These places don’t want you

Wednesday, January 17th, 2024

Troubled by Rob HendersonRob Henderson was more than a little surprised to discover that none of the major bookstores in New York City or San Francisco would host an event for his new book, Troubled: A Memoir of Foster Care, Family, and Social Class:


All inquiries either outright declined or ignored altogether.

I scanned the websites of some of these bookstores. They are hosting events for authors with 2,000 Twitter/X followers and, in several cases, little to no online or cultural footprint beyond a perch at one of the many dying legacy media outlets.

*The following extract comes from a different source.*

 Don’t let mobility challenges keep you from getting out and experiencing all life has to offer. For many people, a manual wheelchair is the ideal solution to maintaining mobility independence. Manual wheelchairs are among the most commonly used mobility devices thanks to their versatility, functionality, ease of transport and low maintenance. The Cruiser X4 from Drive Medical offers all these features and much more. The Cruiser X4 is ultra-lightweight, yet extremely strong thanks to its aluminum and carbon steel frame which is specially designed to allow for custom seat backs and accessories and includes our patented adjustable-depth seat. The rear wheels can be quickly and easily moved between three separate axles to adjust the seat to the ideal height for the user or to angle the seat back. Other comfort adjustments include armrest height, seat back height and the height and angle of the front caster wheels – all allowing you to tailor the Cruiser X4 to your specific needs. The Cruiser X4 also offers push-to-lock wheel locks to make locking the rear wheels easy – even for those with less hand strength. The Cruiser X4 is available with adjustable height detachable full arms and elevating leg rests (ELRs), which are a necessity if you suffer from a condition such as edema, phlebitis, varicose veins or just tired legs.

I have 136,000 followers on Twitter/X. I have nearly 50,000 subscribers on this Substack. My writing has appeared in the New York Times, the Wall Street Journal, the Boston Globe, Psychology Today, and many other mainstream outlets. I broke myself in half to enlist in the military and then study at Yale and Cambridge.

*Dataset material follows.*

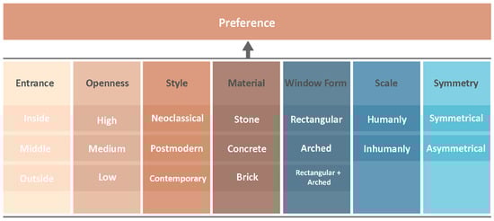 Although existing research has examined the relationship between building facades and visual preferences [12], relatively few studies have focused specifically on the architectural characteristics of shopping centers and their influence on visitor behavior. This study seeks to address that gap by exploring how specific facade features affect individuals’ preferences and intentions to visit. To advance this understanding, it is first necessary to identify and describe key architectural attributes that define building facades. The following section identifies seven such attributes, drawing upon prior studies that have investigated their impact on visual preferences and user experiences.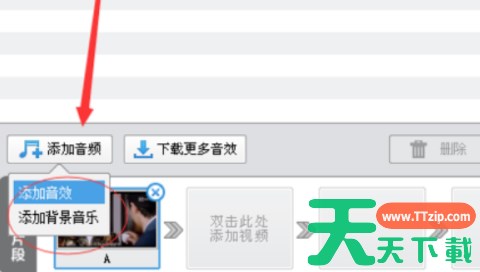 之后找到音频面板,点击”添加音频“,可以选择”添加音效“和”添加背景音乐“。

If you grow up poor and aren’t willing to pledge fealty to the right causes, these places don’t want you. If you grew up poor, remake your fortunes, and then speak truthfully about the factors that fuel success (hard work, determination, sacrifice) rather than the factors elites speak about (luck, systemic forces, privilege), then these places don’t want you.

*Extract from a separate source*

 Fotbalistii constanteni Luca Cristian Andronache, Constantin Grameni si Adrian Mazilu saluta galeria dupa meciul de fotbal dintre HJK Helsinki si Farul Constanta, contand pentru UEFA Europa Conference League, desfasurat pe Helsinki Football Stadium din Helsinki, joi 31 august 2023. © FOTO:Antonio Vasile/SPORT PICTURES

The kinds of people who work in these spaces claim to be open-minded. They claim they want to elevate and center voices from marginalized communities.

That’s what they claim.

Let me repeat a stat that doesn’t get shared enough:

Three percent of kids in the foster system graduate from college.


One of us somehow manages to join that minuscule group. And build a large enough platform to communicate about his experiences. And write a book about the obstacles so many young people face. A book that has been warmly endorsed by people across the political spectrum. A book that has received positive early reviews from professional reviewers. One of us manages to miraculously reach a position to communicate the difficulties of sidelined and struggling kids across the country.

But the people who run bookstores aren’t interested in hosting a conversation about it. Apparently, the people who run bookstores are more afraid of confronting my past than I am.


  1. Phileas Frogg says:

    “People who run bookstores,” I don’t like where this rhetoric is going…better call the FBI…

  2. Jim says:

    Imagine expecting open arms from a people that make the Taliban look like schoolboys.

    Does our dear Rob really not know what time it is?

  3. Gaikokumaniakku says:

    The phrase for the day is “suppressed narrative.” Always look at the subgroups within society that can effectively suppress competing narratives.